- [ABOUT THIS EXERCISE] Your reply should consist only of the lines from the one holding "汇报表演进行最后一项:由退伍" to the last line of the data below, written out exactly and without pictures.

▼

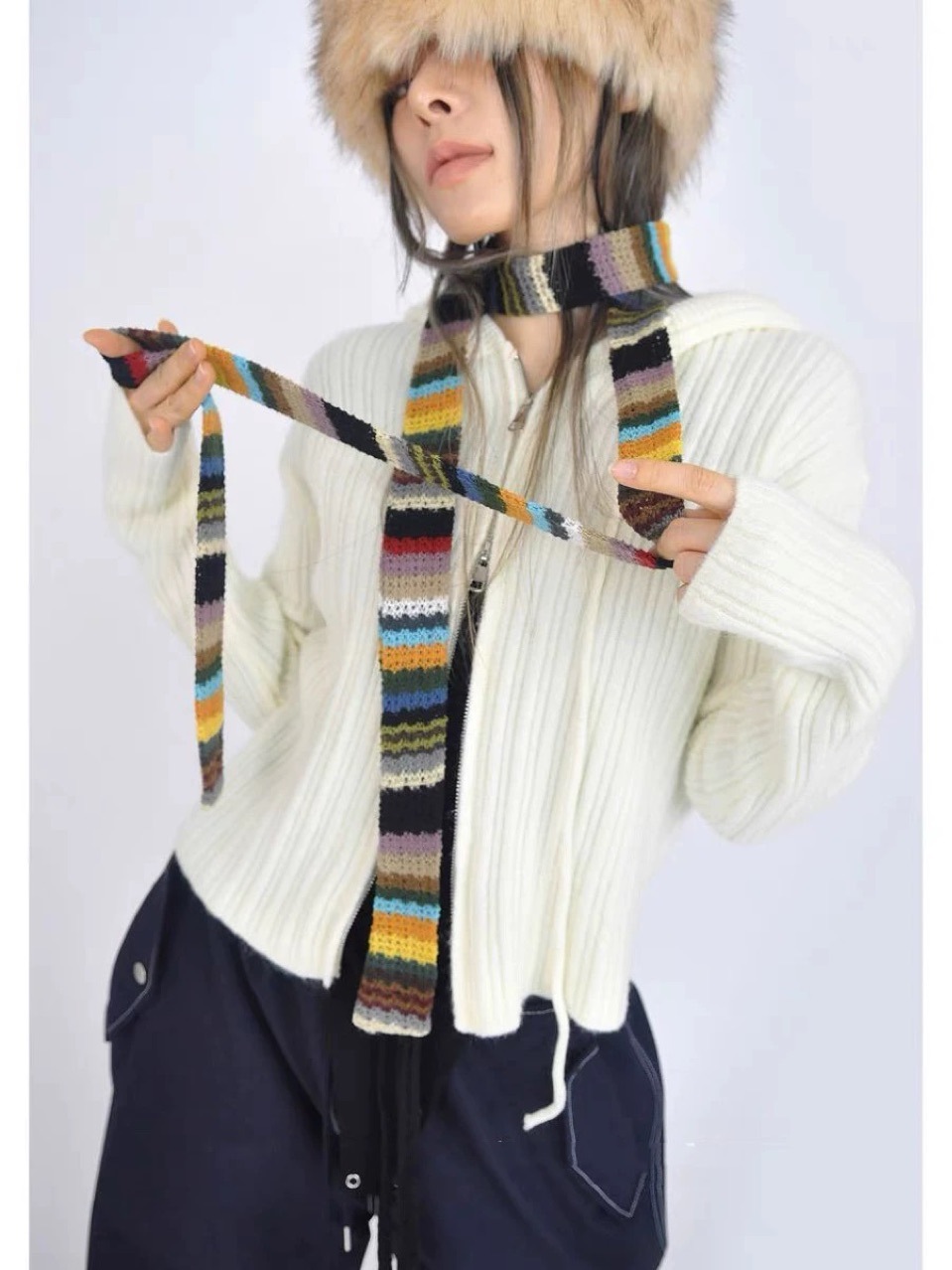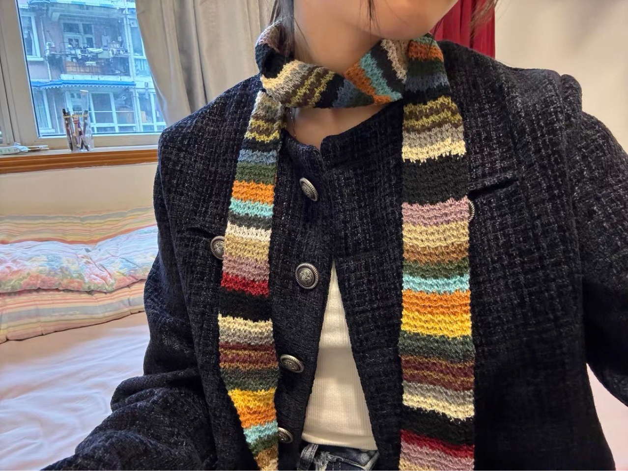 새로운 패브릭 복고풍 하라주쿠 스타일 무지개 직조 컬러 블록 긴 줄무늬 니트 스카프 여성용 얇은 스트립 스카프스토어 가기
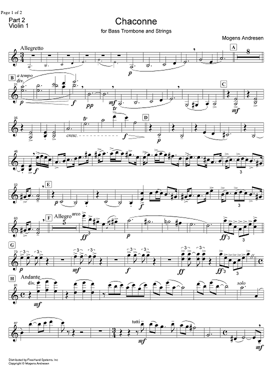 Digital Sheet Music for Chaconne - Violin 1 by Mogens Andresen scored for Bass Trombone/Strings; id:328207
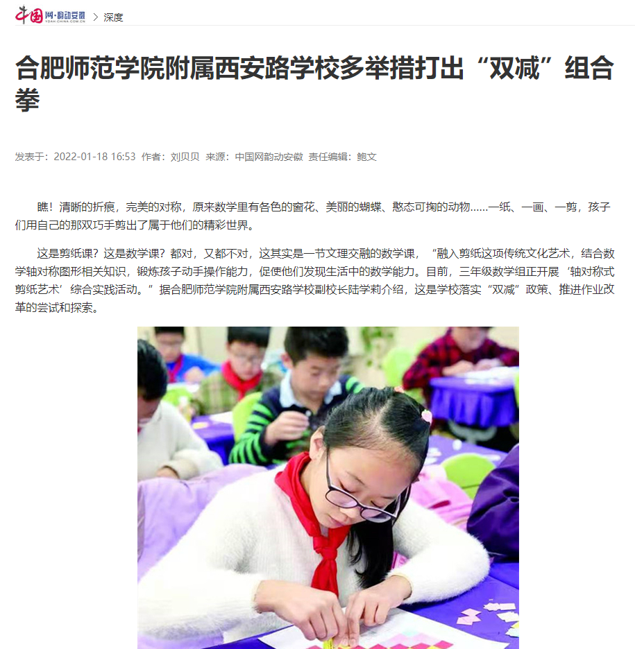 1月14日,《江淮晨报》A07版以《双减之下,合肥这所学校的作业设计让人慕了》对此进行了报道。(新闻中心)
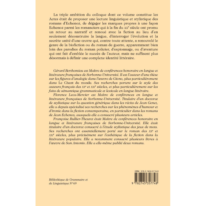 La triple ambition du colloque dont ce volume constitue les Actes était de proposer une lecture linguistique et stylistique des romans d’Echenoz, de dégager les marques propres à une façon Echenoz parmi les romanciers qui à la fin du XXe siècle ont promu un retour au narratif et renoué avec la fiction au lieu d’en seulement déconstruire la langue, d’interroger l’évolution et la secrète unité d’une œuvre qui, contre toute attente, a renouvelé le genre de la biofiction ou du roman de guerre, apparemment bien loin des parodies du roman policier, d’espionnage, ou d’aventure qui ont fait d’emblée le succès de l’auteur, mais ne suffisent plus désormais à définir une complexe identité littéraire.
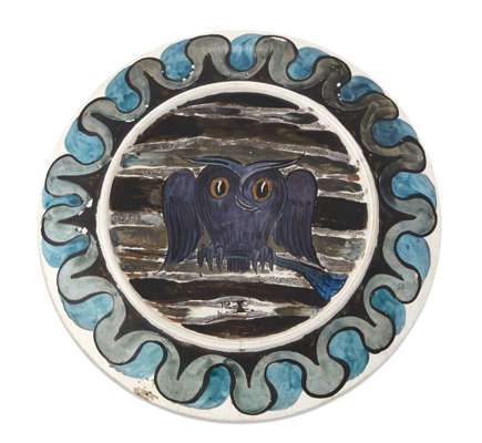 painted in blue and black on a gilt ground with a fruiting tree flanked by shields and serpents, the reverse painted with an owl on a branch within a waved border, bears artist's monogram
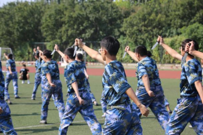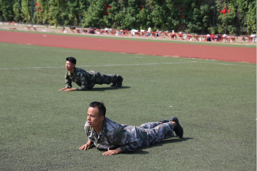 汇报表演进行最后一项:由退伍军人进行实战演练。他们来自不同的兵种,却都用一腔热血为大学生军事浇筑力量。口令响起,退伍军人们立刻上场,两两分组,面对面站立,开始进行格斗演示。他们的动作孔武有力,挥拳干脆果敢,引得新生们阵阵欢呼。面对坚硬的地面,面对炎热的天气,教官们仍不松懈,依然认真地打出一招一式,向大家展示格斗技巧、军人风采。
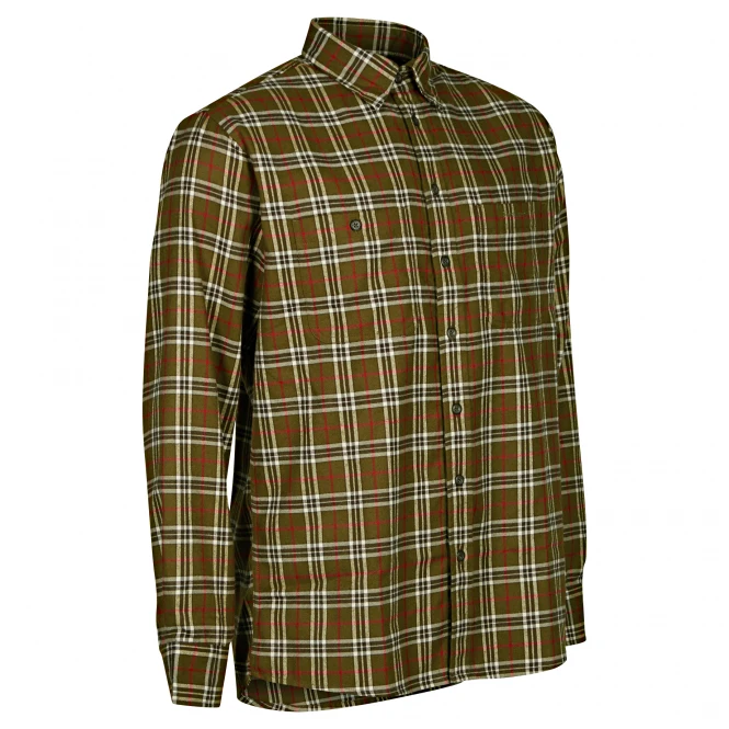 Shirt in modern check pattern with reinforced button-down collar and central movement folds on the back for better comfort. The right breast pocket has a button, the left has a pencil pocket. Colour: Green Check. Material: 100% polyester.

▲

- [ANSWER FOR THE TASK]
 汇报表演进行最后一项:由退伍军人进行实战演练。他们来自不同的兵种,却都用一腔热血为大学生军事浇筑力量。口令响起,退伍军人们立刻上场,两两分组,面对面站立,开始进行格斗演示。他们的动作孔武有力,挥拳干脆果敢,引得新生们阵阵欢呼。面对坚硬的地面,面对炎热的天气,教官们仍不松懈,依然认真地打出一招一式,向大家展示格斗技巧、军人风采。
 Shirt in modern check pattern with reinforced button-down collar and central movement folds on the back for better comfort. The right breast pocket has a button, the left has a pencil pocket. Colour: Green Check. Material: 100% polyester.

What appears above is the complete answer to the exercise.